:: Dataset entries ::
=== Begin Enclosure ===

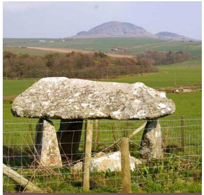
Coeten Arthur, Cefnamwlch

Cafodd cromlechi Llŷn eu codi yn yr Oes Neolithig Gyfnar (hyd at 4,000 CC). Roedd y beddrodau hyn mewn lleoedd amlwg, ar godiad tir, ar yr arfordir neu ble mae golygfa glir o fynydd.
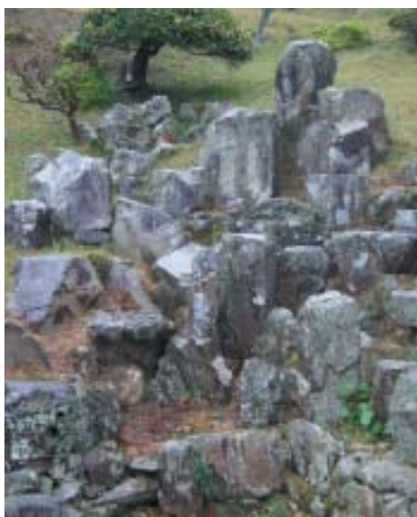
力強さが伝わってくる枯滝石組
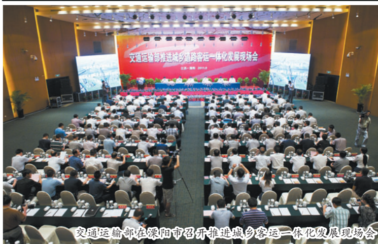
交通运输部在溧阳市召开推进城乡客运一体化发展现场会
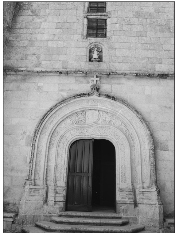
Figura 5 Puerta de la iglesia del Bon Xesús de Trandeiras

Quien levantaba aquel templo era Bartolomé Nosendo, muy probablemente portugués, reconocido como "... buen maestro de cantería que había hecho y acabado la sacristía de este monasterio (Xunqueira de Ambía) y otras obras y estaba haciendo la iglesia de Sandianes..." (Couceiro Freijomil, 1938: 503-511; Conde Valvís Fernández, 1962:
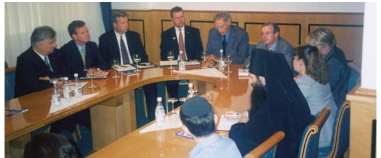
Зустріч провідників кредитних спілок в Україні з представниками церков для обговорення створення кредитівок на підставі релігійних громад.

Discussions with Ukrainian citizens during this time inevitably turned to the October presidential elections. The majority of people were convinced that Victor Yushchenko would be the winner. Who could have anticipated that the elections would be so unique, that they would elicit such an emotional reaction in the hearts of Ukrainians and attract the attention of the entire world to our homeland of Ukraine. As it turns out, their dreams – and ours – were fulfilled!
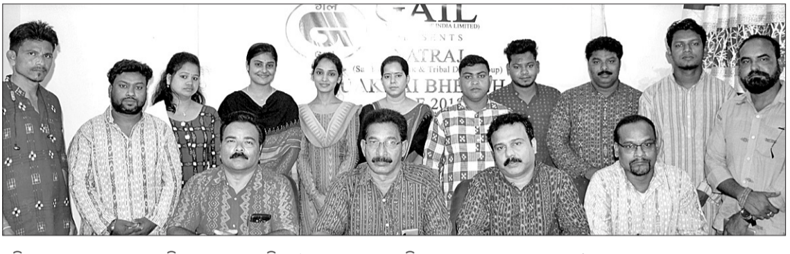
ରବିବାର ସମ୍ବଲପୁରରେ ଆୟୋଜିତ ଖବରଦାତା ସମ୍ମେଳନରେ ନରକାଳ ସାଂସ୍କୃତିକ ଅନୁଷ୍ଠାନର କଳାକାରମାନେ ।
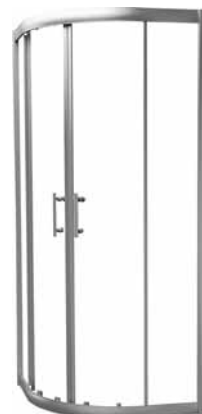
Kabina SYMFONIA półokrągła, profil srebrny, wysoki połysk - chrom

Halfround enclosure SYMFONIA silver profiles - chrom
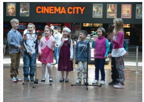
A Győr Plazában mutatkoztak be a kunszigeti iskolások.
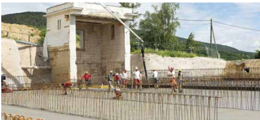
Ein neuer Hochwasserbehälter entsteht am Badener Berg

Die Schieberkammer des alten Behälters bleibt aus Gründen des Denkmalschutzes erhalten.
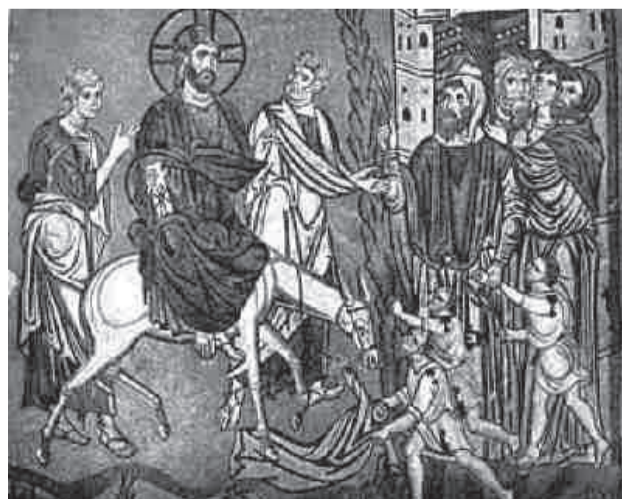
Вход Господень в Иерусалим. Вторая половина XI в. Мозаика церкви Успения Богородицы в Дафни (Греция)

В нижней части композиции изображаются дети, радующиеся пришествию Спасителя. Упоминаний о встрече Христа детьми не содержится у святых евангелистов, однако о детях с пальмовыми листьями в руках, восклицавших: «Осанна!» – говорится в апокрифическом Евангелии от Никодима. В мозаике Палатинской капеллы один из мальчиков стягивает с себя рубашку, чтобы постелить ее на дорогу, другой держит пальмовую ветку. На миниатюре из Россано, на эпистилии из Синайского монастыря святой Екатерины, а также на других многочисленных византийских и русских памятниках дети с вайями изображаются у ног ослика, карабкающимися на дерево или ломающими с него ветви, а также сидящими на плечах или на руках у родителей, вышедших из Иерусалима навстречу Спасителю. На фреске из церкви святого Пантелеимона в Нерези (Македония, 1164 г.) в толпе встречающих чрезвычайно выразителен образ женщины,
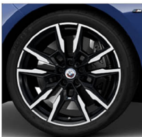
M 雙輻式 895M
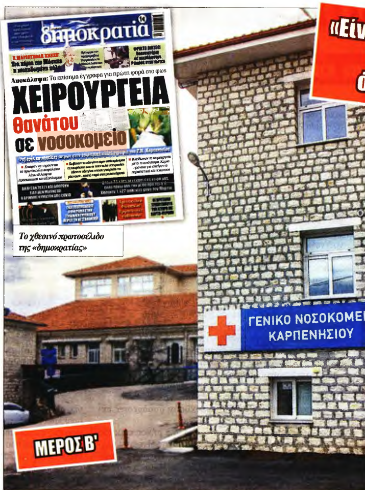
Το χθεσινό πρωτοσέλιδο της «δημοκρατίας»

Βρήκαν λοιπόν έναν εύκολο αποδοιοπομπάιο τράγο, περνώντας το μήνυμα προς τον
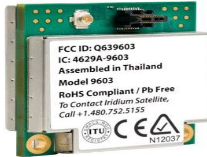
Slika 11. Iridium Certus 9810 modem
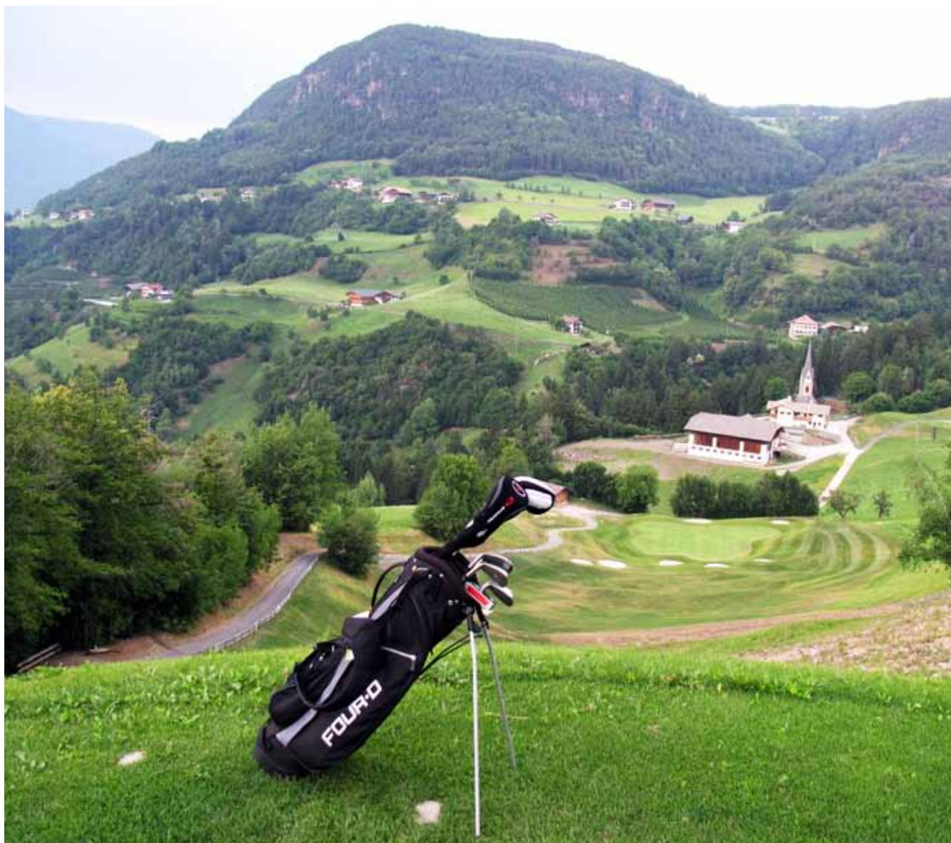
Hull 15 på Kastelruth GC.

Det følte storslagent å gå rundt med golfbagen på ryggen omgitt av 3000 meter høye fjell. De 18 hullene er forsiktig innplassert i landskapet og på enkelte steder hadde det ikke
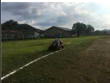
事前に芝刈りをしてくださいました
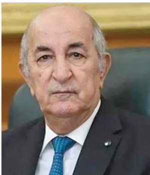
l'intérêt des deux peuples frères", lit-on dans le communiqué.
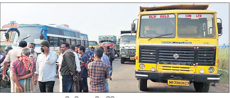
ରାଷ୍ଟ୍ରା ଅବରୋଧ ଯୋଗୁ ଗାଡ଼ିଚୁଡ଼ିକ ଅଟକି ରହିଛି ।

=== End Enclosure ===

:: What to do ::
Lines from the one holding "Slika 11. Iridium Certus 9810 modem" to the end of the data, both ends included, are to be given again exactly; no pictures belong in the copy.

:: Exercise result ::
Slika 11. Iridium Certus 9810 modem
Hull 15 på Kastelruth GC.

Det følte storslagent å gå rundt med golfbagen på ryggen omgitt av 3000 meter høye fjell. De 18 hullene er forsiktig innplassert i landskapet og på enkelte steder hadde det ikke
事前に芝刈りをしてくださいました
l'intérêt des deux peuples frères", lit-on dans le communiqué.
ରାଷ୍ଟ୍ରା ଅବରୋଧ ଯୋଗୁ ଗାଡ଼ିଚୁଡ଼ିକ ଅଟକି ରହିଛି ।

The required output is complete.